Das war das erste Mal, daß mir auffiel, daß der Dicke sich gar nicht wohlfühlte. Auch seine Augen waren recht glasig. Inzwischen hatte er mit der wilden Schnauferei aufgehört und sein Gesicht war jetzt gar nicht mehr so rötlich. Seine beinahe quadratischen Hände klopften nun mechanisch gegen die karierten Hemdtaschen, aber offenbar fanden sie dort nichts, weil sie doch immer weiter tasteten, bis der Dicke wieder außer Atem war und verschnaufen mußte. Das Hemd war nach unten hin viel zu lang, weil er wegen seines Bauchumfangs so eine Übergröße nehmen mußte, und deshalb hatte er es in die Hose gestopft, was auch keine gute Lösung war, weil man sehen konnte, daß unter dem Gürtel ein ganzer Wust von verkruscheltem Hemd steckte. Nun blickte ich an seinen prall gefüllten Hosenbeinen hinunter, um nachzusehen, ob die Hose vielleicht auch zu lang war und ob er sie dann wohl in den Schuh stopfte oder doch eher aufkrempelte. Doch ich kam gar nicht so weit, da der Dicke ganz unvermutet laut rülpste.
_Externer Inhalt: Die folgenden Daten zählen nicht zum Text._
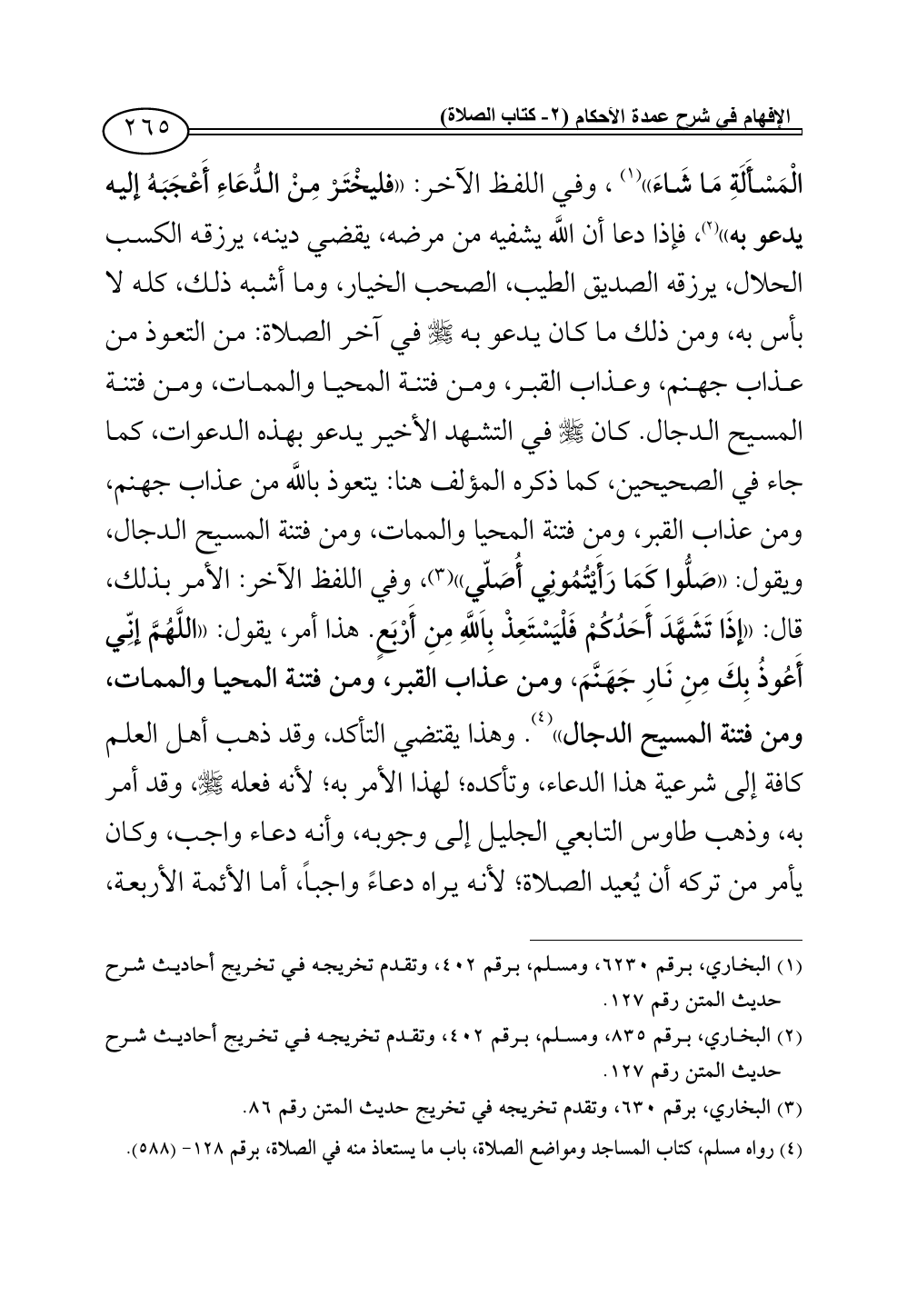 (¬4) رواه مسلم، كتاب المساجد ومواضع الصلاة، باب ما يستعاذ منه في الصلاة، برقم 128 - (588).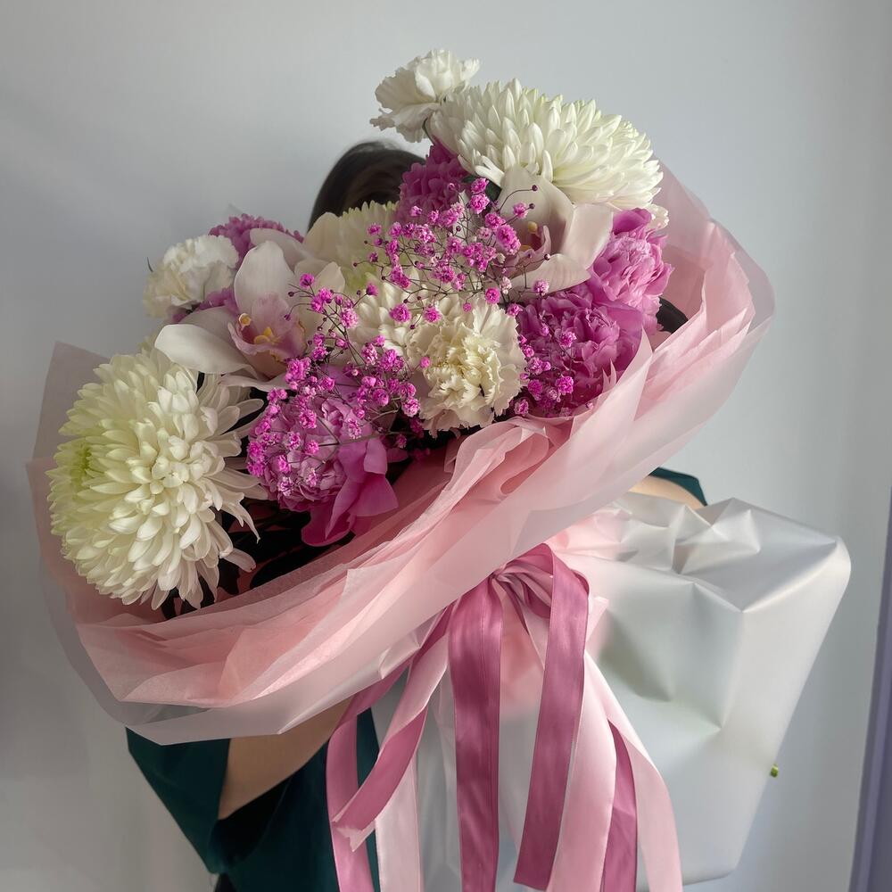 Букет из пионов, хризантем и орхидей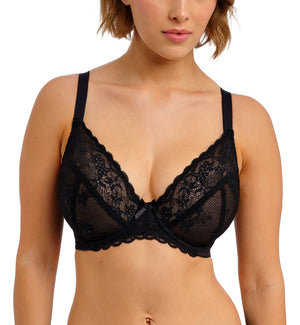 The Freya Quinn Plunge Underwire Bra (404302) features a stunning floral lace trimmed cup. This bra offers a flattering neckline with a plunge design and non-padded cups that create a natural silhouette without adding volume. The multi-sectioned, underwire cup provides shape and support. Fully adjustable straps create a custom fit and feel that will prevent slippage.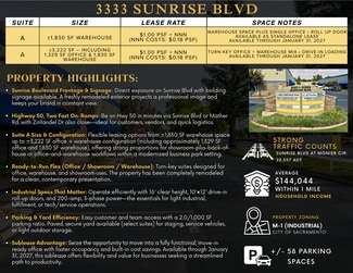 Sublease opportunity at 3333 Sunrise Blvd, Suite A in Rancho Cordova offering a clean, modern flex suite with direct Sunrise Boulevard frontage and signage potential. Two configurations are available: ±1,830 SF warehouse space with a private office, or the full ±3,222 SF mix featuring ±1,329 SF of turn-key office and ±1,830 SF of warehouse. The suite supports efficient operations with 16’ clear height, a 10’x12’ drive-in roll-up door, and 200-amp 3-phase power. Fast access to Highway 50 via nearby on-ramps makes the location functional for customers, vendors, and daily logistics. Sublease term runs through January 31, 2027 at $1.00 PSF + NNN (NNN: $0.18 PSF).

Nun war sein Gesicht eher scheiblettengelblich. Ob er schlecht gegessen hatte? Der im Lodenmantel öffnete das Fenster. Schließlich kam ich aber doch zu dem Schluß, daß es noch einen weiteren Grund geben mußte, warum der Dicke so unruhig war. Er stand unter einem seltsamen Druck und fing jetzt schon wieder an, mit den Händen seine Taschen abzuklopfen. Ich war ganz froh, daß das Fenster geöffnet war, da das Schwitzen des Dicken jetzt doch zunehmend unangenehm wurde.

An der Münchner Freiheit stiegen zwei Herren ein mit kleinen umhängenden Ledertaschen und diesen krautigen Koteletten, wie sie die Laiendarsteller im ,,Schulmädchenreport" immer tragen. Als ich sah, daß sie sich nicht hinsetzten, zog ich schon mal die gestempelte Blaue aus der Tasche. Prompt kam das übliche ,,Die Fahrkarten bitte" - und nun geschah das Ungeheure.

Der Dicke fing an, so auf seinem Sitz zu hopsen, daß der im Lodenmantel sich am Fensterbrett festhalten mußte. Seine Gesichtsfarbe wechselte ins Grünliche, er gab schmatzende Laute von sich, und aus seinem Innern war ein dumpfes Grollen zu hören, wie bei einem herannahenden Erdbeben.

Der kleinere der beiden Kontrolleure hielt ihm seinen Kontrollausweis ins Gesicht, und als der Dicke sich vorbeugte und dabei seinen Bauch auf den Schenkeln eindrückte und das unheilvolle Geräusch immer drängender wurde, blieb eigentlich nur noch die Frage, an welcher Stelle sein Körper aufplatzen würde.

Für einen Moment war es ganz still, dann klang es, wie wenn Geschirr zu Boden fällt, und die Augen ploppten aus dem runden Gesicht und zogen weiße Fäden mit sich, die auf seinem Bauch liegenblieben wie Spaghetti. Die Augen aber schienen ihre Freiheit sichtlich zu genießen. Sie fielen von der Jacke des Kontrolleurs, an der sie einen Augenblick gehangen hatten, und sprangen alsdann munter durchs Abteil. Der Zug bremste. Die Schilder ,,Alte Heide" zogen immer langsamer an dem Abteilfenster vorbei, und wir stiegen aus.

Zugegeben, ich war schon etwas erleichtert, als ich sah, daß die Augen zum gegenüberliegenden Ausgang hopsten. Aber verstehen kann ich das Ganze bis heute nicht. Ich habe doch genau gesehen, wie der Dicke gestempelt hat.